I don't know when it happened, i became a surly curmudgeon ;D and yes, somebody has to invest and tackle the problem. One more bitter comment and i'll shut up: the car market is indeed pushing batteries, but because they typically care less about weight, they are not necessarily the type of batteries that the airplane makers want.
That being said, i really like what Pipistrel has been doing with their Virus trainer, and i think electrics is the first big change to happen in the GA industry that could halt its downward spiral.
 
Where I do think electrics might become interesting would be in using small, possibly recuperative turbine engines. (I'm thinking out loud here, so I may have this all wrong.)

One problem with small turbines is that they want to spin insanely fast, which results in a relatively big and heavy transmission. That could make an alternator+motor more attractive.

Then if you wanted a pusher, you avoid the perennial problem of either a long driveshaft or a heavy engine in the tail.
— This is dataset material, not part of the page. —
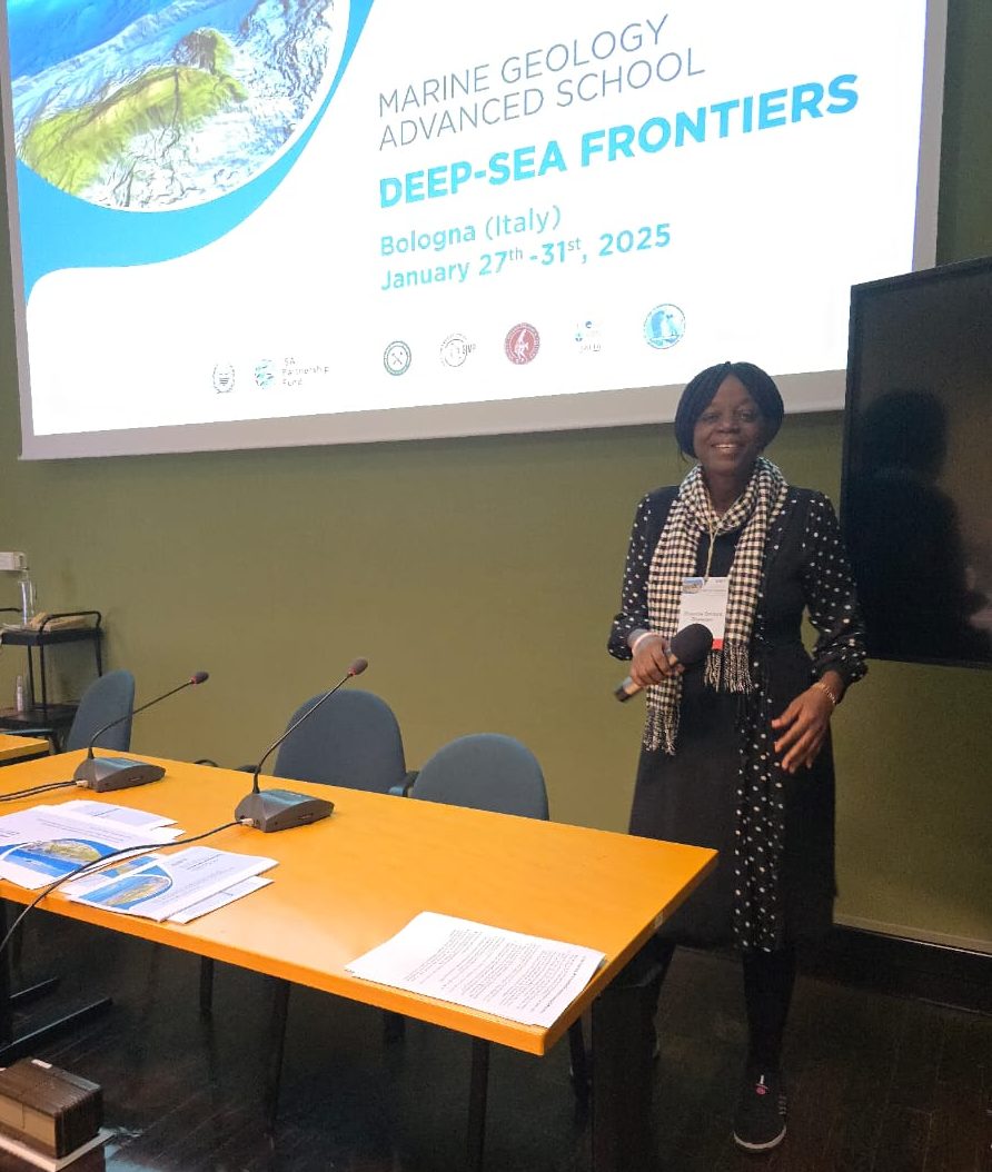 Subsequent training through the Marine Geology Advanced Winter School in Italy organized by the Consiglio Nazionale delle Ricerche (CNR) and supported by the International Seabed Authority Partnership Fund (ISAPF), and the BAIT training in benthic biogeological survey through the Knowledge Exchange Fellowship organized by Biosfera in conjunction with the African Network of Deep Waters Researchers (ANDR) in Cabo Verde expanded Oluwadare’s applied skill set, from geophysical interpretation to marine spatial planning to seabed habitat classification. These experiences now directly inform her work at Nigeria’s National Centre for Marine Geosciences, where she contributes to marine geological research, environmental baseline studies and science-policy advisory processes that support Nigeria’s engagement in international ocean governance.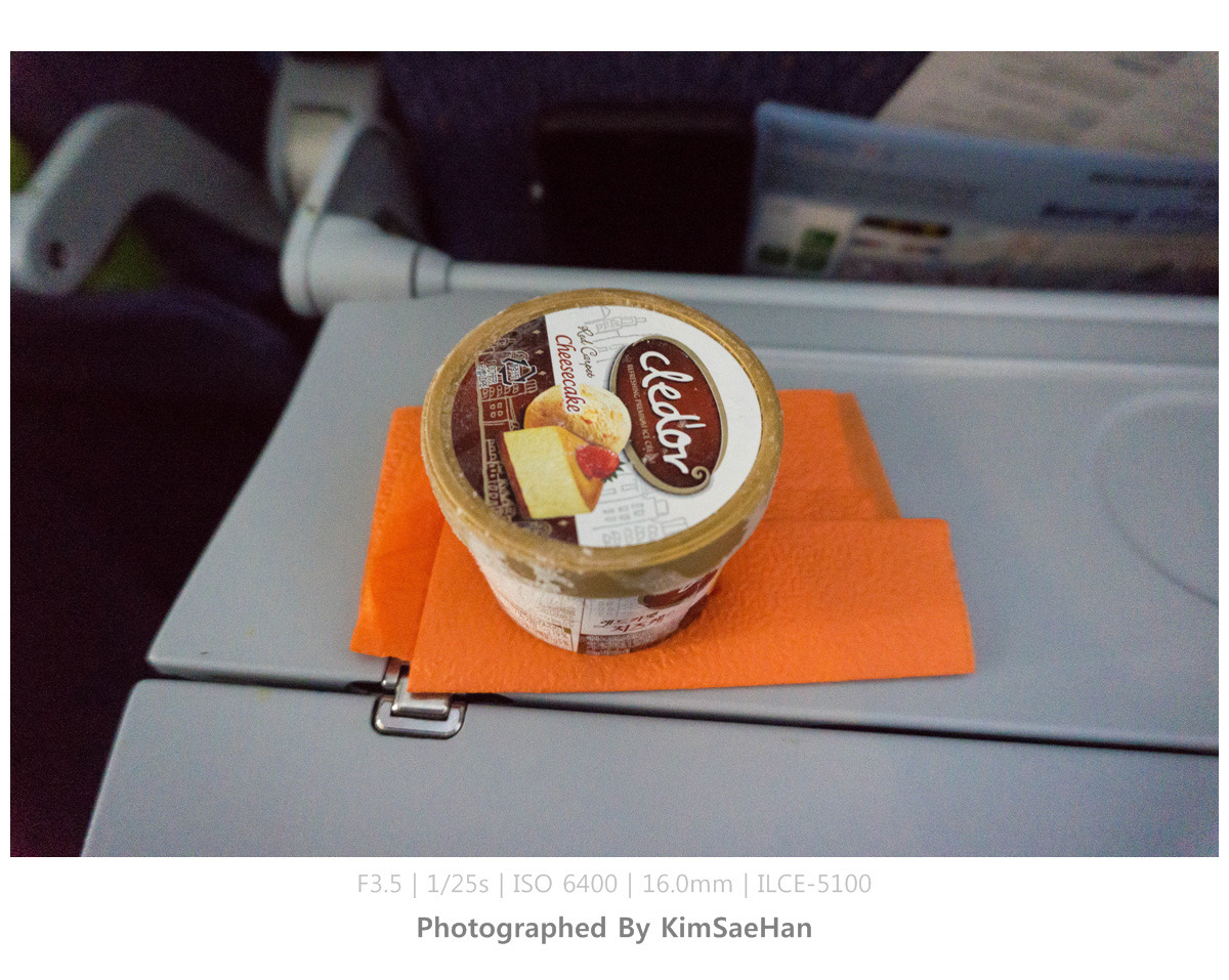 그리고 어느 정도 시간이 지나자, 이 항공에서 제공한 음식 서비스 중에서 가장 맛있는 것이 나왔다. 바로 아이스크림이다. 당당하게 한국어가 적혀있는 한국 아이스크림. 기쁜 마음으로 천천히 맛을 음미하며 영화를 봤다.

Or it would make distributed propulsion easier to do.

Another possibility would be a hybrid drive and dual propulsors (fans maybe, either side of the tail, perhaps with fixed pitch and variable stators?) which would give you twin-engine capability (and all you'd need the battery for is get-you-home, electrical power in descent, 45min at high efficiency speeds, and the ability to fly a landing pattern).

Quad Tilt Rotors, however, are the spawn of Satan.
 
AeroFranz said:
'Conventional' mechanical transmission from turboshaft to propeller includes losses in the gearbox and whatever intermediary t-boxes. For the layout shown i would be surprised if you lost 6-5%.

For a hybrid-electric aircraft, the turboshaft spins a gearbox (95-98% efficient), which spins generators (95%), which use cables with non-negligible heating losses (99%), to power motors (95%) of a certain efficiency. As you can see there are more links in the power chain and more losses.

Any particular reason you decided to drop the efficiency of anything that is gasoline powered? (gas turbine or ICE, efficiency is crap vs electric engine)
 
I was looking at the hybrid-electric case specifically, comparing a mechanical vs electric power transmission, and assuming that the shaft power was produced in the same way in both cases by either a gas turbine or ICE engine.

In the case of the pure electric vs ICE engine, yes the ICE has a mechanical efficiency that is dismal...but it can count on a fuel that has what? 128,000 BTUs/gal? Compare to whatever the equivalent figure is for the best battery around.
For a given desired amount of output power, it's hard to come up with a complete electric system that is competitive in terms of weight. It's only when you can claim some synergies, like distributed actuators/control effectors, redundancy, that you can get some of that weight back and even the trade.